Extracellular proteolysis and turnover are core processes of tissue homeostasis. The predominant matrix-degrading enzymes are members of the Matrix Metalloproteinase (MMP) family. MMPs extensively degrade core matrix components in addition to processing a range of other factors in the extracellular, plasma membrane, and intracellular compartments. The proteolytic activity of MMPs is modulated by the Tissue Inhibitors of Metalloproteinases (TIMPs), a family of four multi-functional matrisome proteins with extensively characterized MMP inhibitory functions. Thus, a well-regulated balance between MMP activity and TIMP levels has been described as critical for healthy tissue homeostasis, and this balance can be chronically disturbed in pathological processes. The relationship between MMPs and TIMPs is complex and lacks the constraints of a typical enzyme-inhibitor relationship due to secondary interactions between various MMPs (specifically gelatinases) and TIMP family members. We illustrate a new complexity in this system by describing how MMP9 can cleave members of the TIMP family when in molar excess. Proteolytic processing of TIMPs can generate functionally altered peptides with potentially novel attributes. We demonstrate here that all TIMPs are cleaved at their C-terminal tails by a molar excess of MMP9. This processing removes the N-glycosylation site for TIMP3 and prevents the TIMP2 interaction with latent proMMP2, a prerequisite for cell surface MMP14-mediated activation of proMMP2. TIMP2/4 are further cleaved producing ∼14 kDa N-terminal proteins linked to a smaller C-terminal domain through residual disulfide bridges. These cleaved TIMP2/4 complexes show perturbed MMP inhibitory activity, illustrating that MMP9 may bear a particularly prominent influence upon the TIMP:MMP balance in tissues.

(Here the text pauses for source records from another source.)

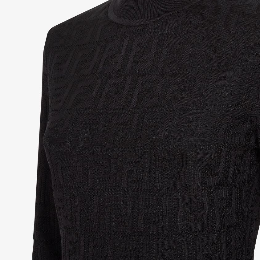 سترة ضيقة بأكمام طويلة. انتهى بحواف مضلعة. مصنوع من مزيج الفيسكوز والقطن البيئي باللون الأسود مع شعار ff على كامل التصميم.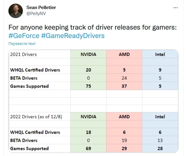 Старший менеджер по продуктам NVIDIA Шон Пеллетье (Sean Pelletier) недавно поделился интересной статистикой о новых выпусках драйверов для видеокарт. Он наглядно показал (в таблице), насколько NVIDIA опережает конкурентов в виде AMD и Intel по выпускам сертифицированных Microsoft WHQL-драйверов. Эти цифры относятся к 2021 и 2022 годам. ”Зеленые” заявляют, что за прошлый год они выпустили в четыре раза больше драйверов, чем AMD и Intel. А в 2022 количество релизов софта превысило показатели конкурентов более чем в два раза. WHQL — это аббревиатура Microsoft Windows Hardware Quality Lab. Может распространяться через Центр обновления Windows.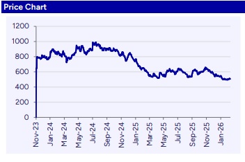 We estimate revenue/EBITDA/PAT CAGR of 12.7%/17.2%/19.6% for FY26-28E. We downward revise FY27/FY28 earning estimate by 16.9%/13.3% factoring supply constraints in the steel category and underutilization of glass plant continue for couple of quarters. We assign SOTP-based TP of Rs621 (earlier Rs732), implying PE of 30x FY27E. Maintain “BUY.”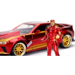 Jada Toys Marvel Iron Man Figur + 2016 Chevy Camaro SS Modellauto 1:24 Fahrzeug Auto Spielzeugauto
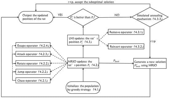 This paper presents a modified rat swarm optimization algorithm, named LNS-MRSO, which combines the strengths of both the traditional rat swarm algorithm and the large neighborhood search algorithm. Figure 2 illustrates the framework of LNS-MRSO. MRSO introduces five innovative operators: chase, jump, rotate, attack, and escape to update the positions of rats. These positions are further refined using a multi-factor-guided remove operator and a distance-increment-guided reinsert operator. In case a new position exhibits inferior quality, the algorithm incorporates a simulated annealing mechanism to evaluate its retention; if found unsuitable, it is replaced with an updated position from MRSO. Conversely, if the new position is superior, the current position is promptly updated.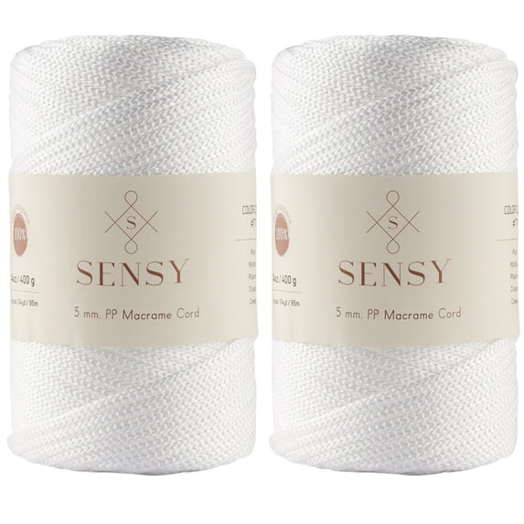 2 Skeins of Sensy Premium 5mm 104 Yards Polyester Rope 100% Polypropylene Cord Macrame Cord 5mm Crochet Bag Cord Macrame Rope Crochet Thread Gift for Knitter (White)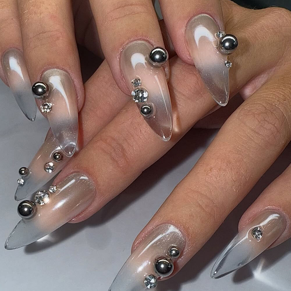 И не забываем: проколы лучше делать на искусственных или укрепленных гелем длинных ногтях, чтобы ничего не ломалось и долго держалось. Можно обойтись и без отверстий вовсе — приклеить на ногти серебристые бусины, которые будут напоминать шары от пирсинга.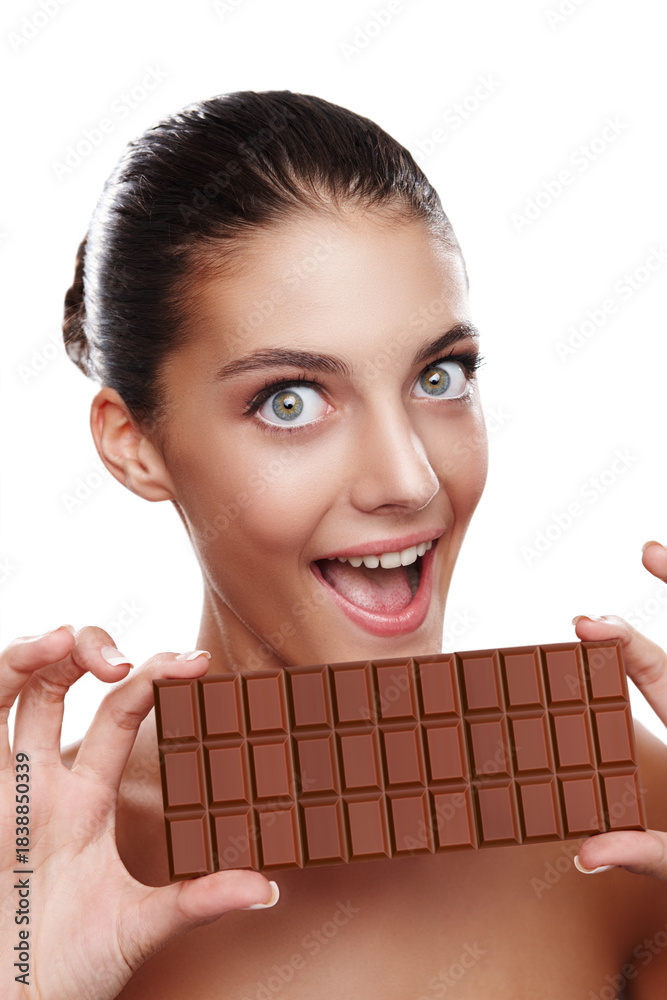 Chocolate, portrait and diet with woman in studio for antioxidants, sugar cravings or smile. Dessert, candy bar or cacao snack with excited person and food on white background for sweet and nutrition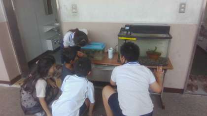 「植物の発芽と成長」と並行して「メダカの観察」が始まりました。今日は、水槽を見たり教科書を見たり図書館に行ったりと、思い思いの方法で疑問をたくさん見つけました。見つけた疑問に予想と仮説を加え、これから観察する中で解決していきます。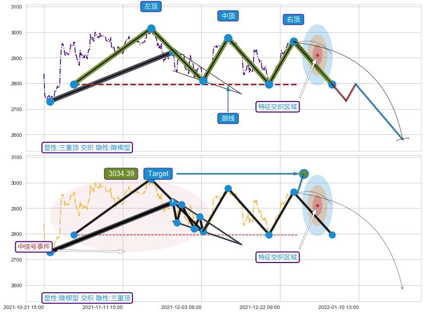 ➢ 降楔型属【中级别信号事件】三重顶属【长级别信号事件】中长周期组合信号事件,中长事件长度比64.44%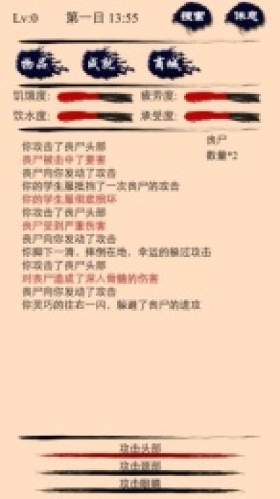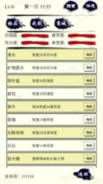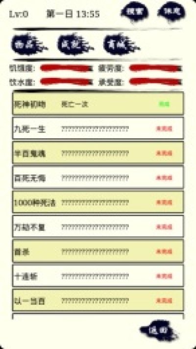 2、需要保证自己的体力饥饿等等屏幕上方的四个长条不要变黑!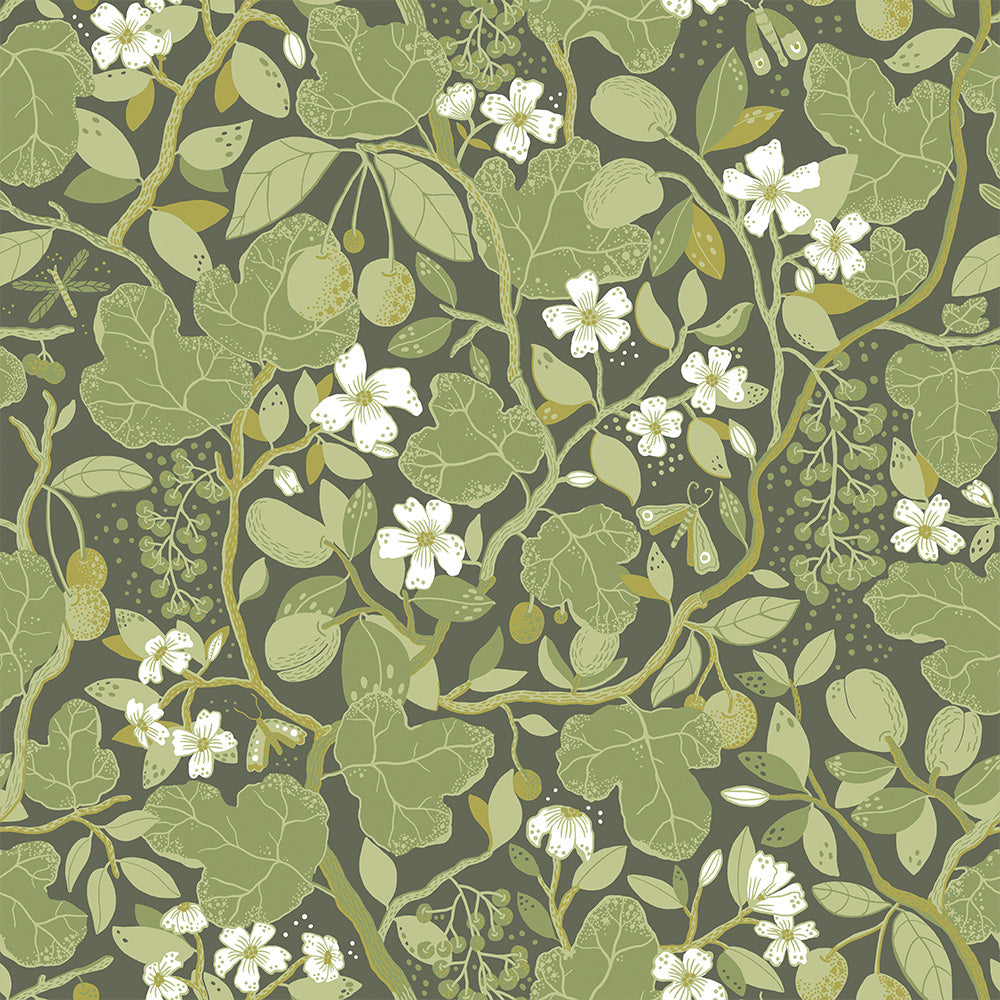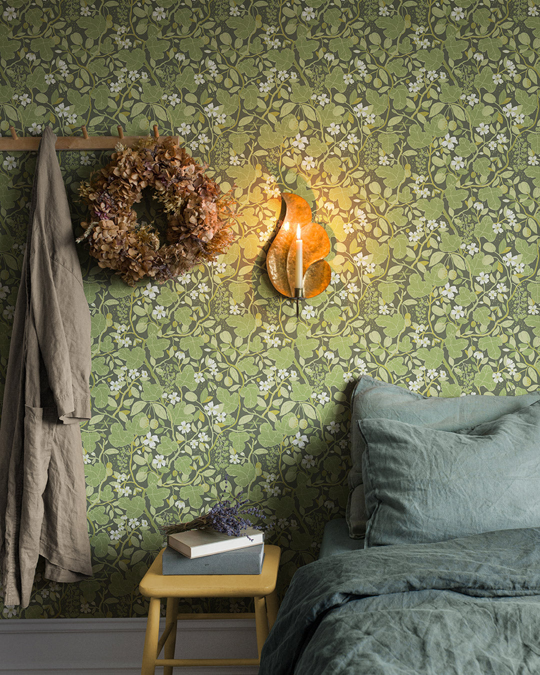 Tapeten Ewald är en ren och skär sommardröm! Skapat av Lina Schnaufer. Den gröna tapeten ger ett vackert lyster som förgyller tillvaron och förvandlar vilket rum som helst till en ren och skär sommaridyll. Ewald finns i fem olika färgställningar, denna går i olika nyanser av grönt och vitt.

金属蛋白酶的组织抑制剂是基质金属蛋白酶9的蛋白水解靶标。
细胞外蛋白水解和周转是组织稳态的核心过程。主要的基质降解酶是基质金属蛋白酶(MMP)家族的成员。MMPs除了处理细胞外、质膜和细胞内室中的一系列其他因素外,还广泛降解核心基质成分。MMPs的蛋白水解活性由金属蛋白酶组织抑制剂(TIMPs)调节,TIMPs是一个由四种多功能基质蛋白组成的家族,具有广泛的MMP抑制功能。因此,MMP活性和TIMP水平之间的良好平衡被描述为健康组织稳态的关键,并且这种平衡可能在病理过程中长期受到干扰。MMPs和TIMP之间的关系是复杂的,并且由于各种MMPs(特别是明胶酶)和TIMP家族成员之间的二次相互作用,缺乏典型的酶抑制剂关系的限制。我们通过描述MMP9在摩尔过量时如何切割TIMP家族成员来说明该系统的新复杂性。TIMPs的蛋白质水解处理可以产生具有潜在新特性的功能改变的肽。我们在这里证明,所有TIMP在其C端尾部都被摩尔过量的MMP9切割。这种处理去除了TIMP3的N-糖基化位点,并阻止了TIMP2与潜在的前MMP2的相互作用,这是细胞表面MMP14介导的原MMP2活化的先决条件。TIMP2/4被进一步切割,产生约14kDa的N-末端蛋白,通过残留的二硫键连接到较小的C-末端结构域。这些裂解的TIMP2/4复合物显示出干扰的MMP抑制活性,表明MMP9可能对组织中的TIMP:MMMP平衡产生特别显著的影响。
本文章由计算机程序翻译,如有差异,请以英文原文为准。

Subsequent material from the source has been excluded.